Records excerpted from a collection:
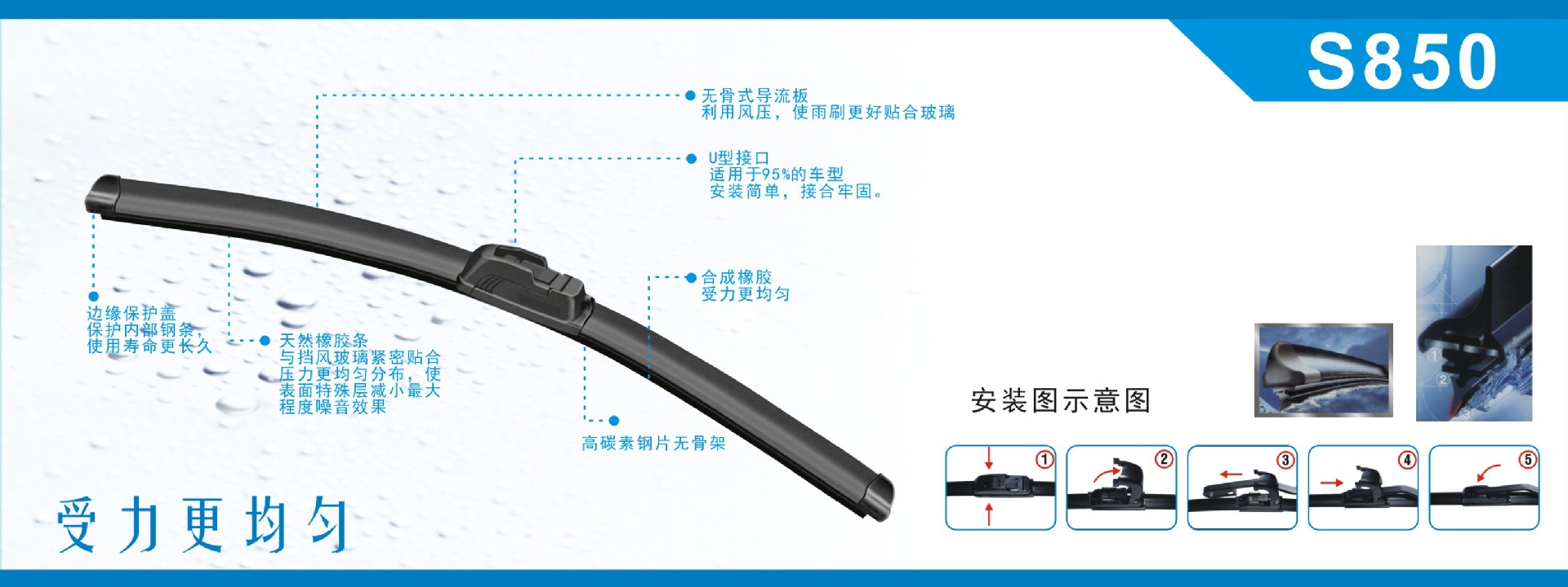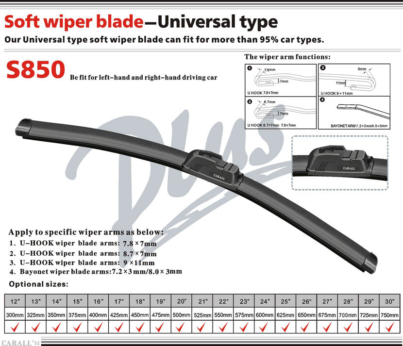 Carall無骨雨刷保證您獲得清晰的視野。通過創造性的橡膠合成,改進的膠條技術和經使用證實的長效穩定表現,carall無骨雨刷代表著最佳視野和安全性。Carall無骨雨刷確保完美的刮拭效果,防止被風抬起和跳動。刮拭不留任何痕跡。為您的安全,它在夜間有防眩目作用。此外,它的刮拭安靜,具有抗老化能力。Carall無骨雨刷幾乎適合所有中國、日本、美國和歐洲生產的車輛.
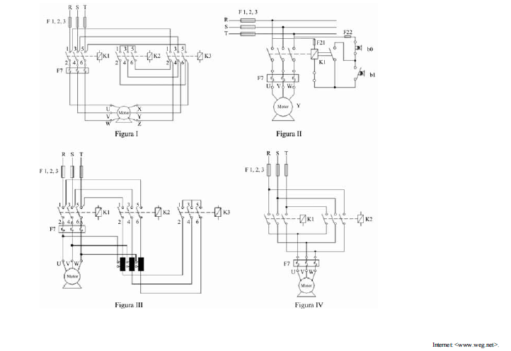 A figura IV mostra esquema de alimentação de motor com inversão de rotação.
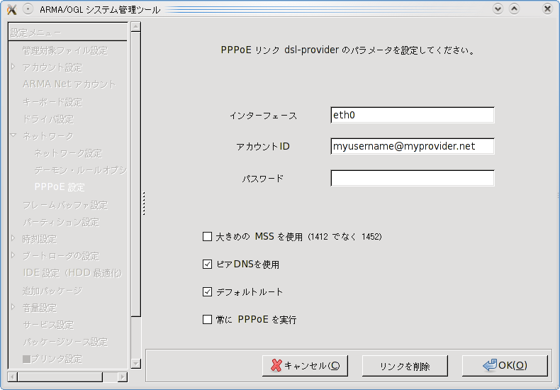 管理ツールでは「ネットワーク」-「PPPoE設定」で PPPoE の設定をおこなうことができます。
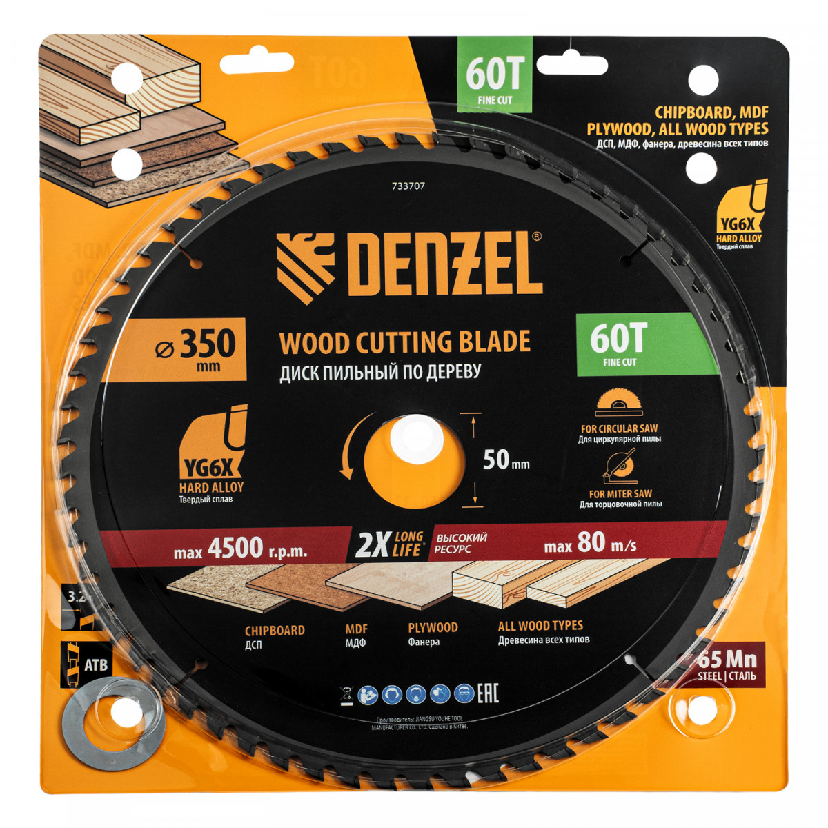 Пильный диск Denzel 733707 диаметром 350 x 50 мм, с 60 зубьями, предназначен для точного продольного и поперечного распила твердой и мягкой древесины, фанеры, МДФ, ДСП. 60 зубьев типа ATB с режущими пластинами оптимальной геометрии обеспечивают чистый рез. Режущие пластины из твердого сплава YG6X сохраняют рабочие свойства при интенсивном использовании. Диск устанавливается на циркулярную, торцовочную пилу или на распиловочный станок. В комплект поставки входит переходное кольцо с 50 на 32 мм, что позволяет изменить посадочный размер и расширяет возможности использования диска.
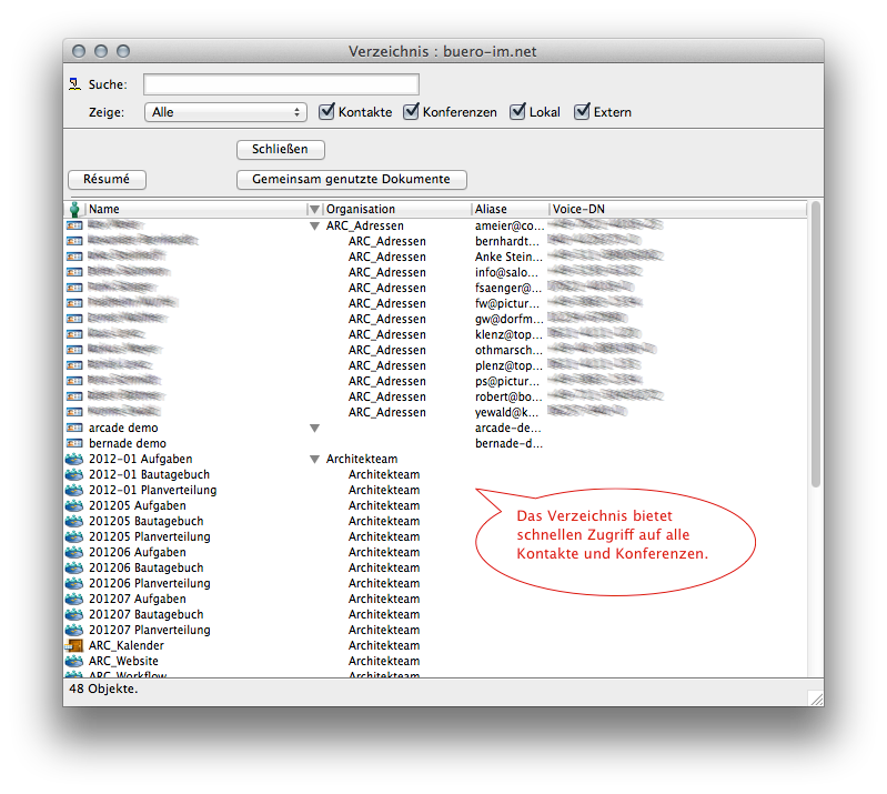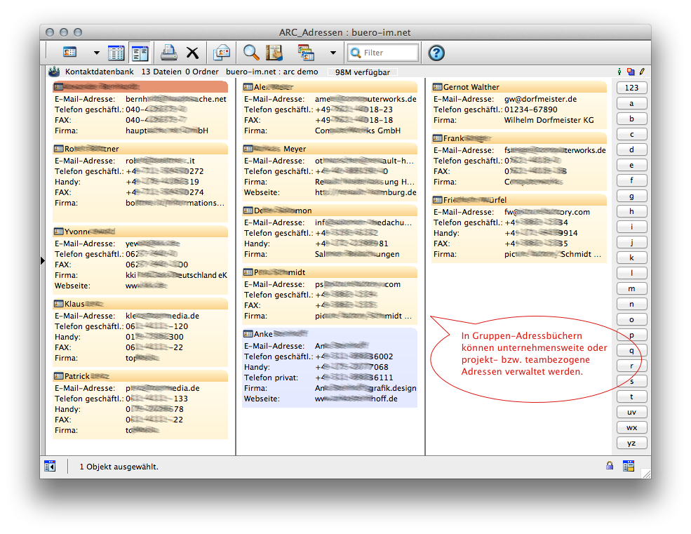 Neben Ihrem persönlichen Adressbuch können Sie in buero-im.net beliebig viele weitere Adressbücher für Ihre gesamte Firma, für Ihr Team oder für Ihr jeweiliges Projekt anlegen.
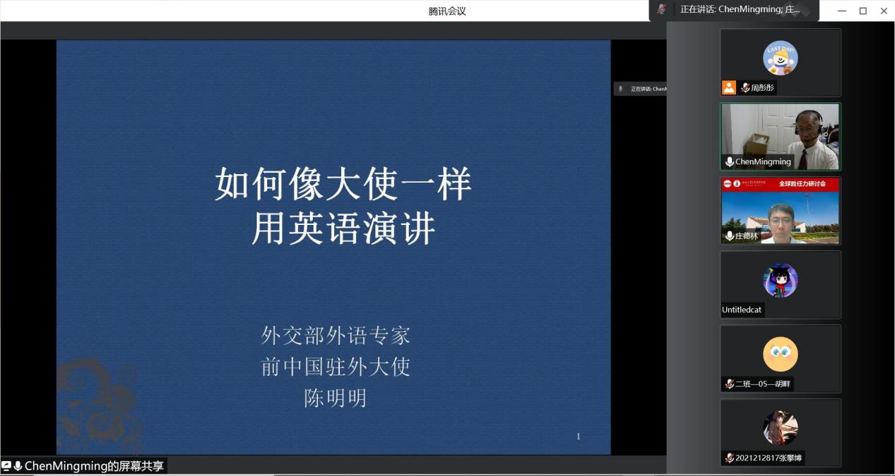 9月12日,永利官网与我校国际事务处共同主办的全球胜任力云讲堂系列讲座第八讲“如何像中国大使一样用英语演讲”成功举办。外交部外语专家、前中国驻外大使陈明明主讲。陈明明,中国资深翻译家、全国翻译资格考试专家委员会副主任、全国高级翻译职称评审委员会副主任,现任上海交大等多所院校客座教授,中国教育发展战略学会国际胜任力培养专业委员会专家、前中国翻译协会副会长,曾任外交部翻译室主任。永利官网副院长庄德林、国际教育中心全体人员、国际经济与贸易系部分老师及一百多名在校生参加了此次会议。
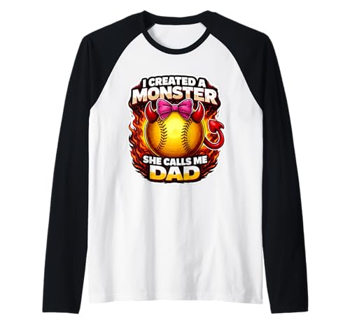 I Created A Monster She Calls Me Dad Softball Daughter Funny Raglan Baseball Tee
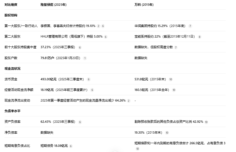 股权比当年的万科高了4%,货币资金少了30多亿,关键经营现金流才转正只有18亿多,看来隆基这个果子还不够成熟,还的继续发育一下

**EXERCISE OBJECTIVE**
For this answer, return word for word the lines from the first line of the records through the line containing "管理ツールでは「ネットワーク」-「PPPoE設定」で PPPoE の設定をおこなうことができます。". Omit the pictures.

**WORKED SOLUTION**
 Carall無骨雨刷保證您獲得清晰的視野。通過創造性的橡膠合成,改進的膠條技術和經使用證實的長效穩定表現,carall無骨雨刷代表著最佳視野和安全性。Carall無骨雨刷確保完美的刮拭效果,防止被風抬起和跳動。刮拭不留任何痕跡。為您的安全,它在夜間有防眩目作用。此外,它的刮拭安靜,具有抗老化能力。Carall無骨雨刷幾乎適合所有中國、日本、美國和歐洲生產的車輛.
 A figura IV mostra esquema de alimentação de motor com inversão de rotação.
 管理ツールでは「ネットワーク」-「PPPoE設定」で PPPoE の設定をおこなうことができます。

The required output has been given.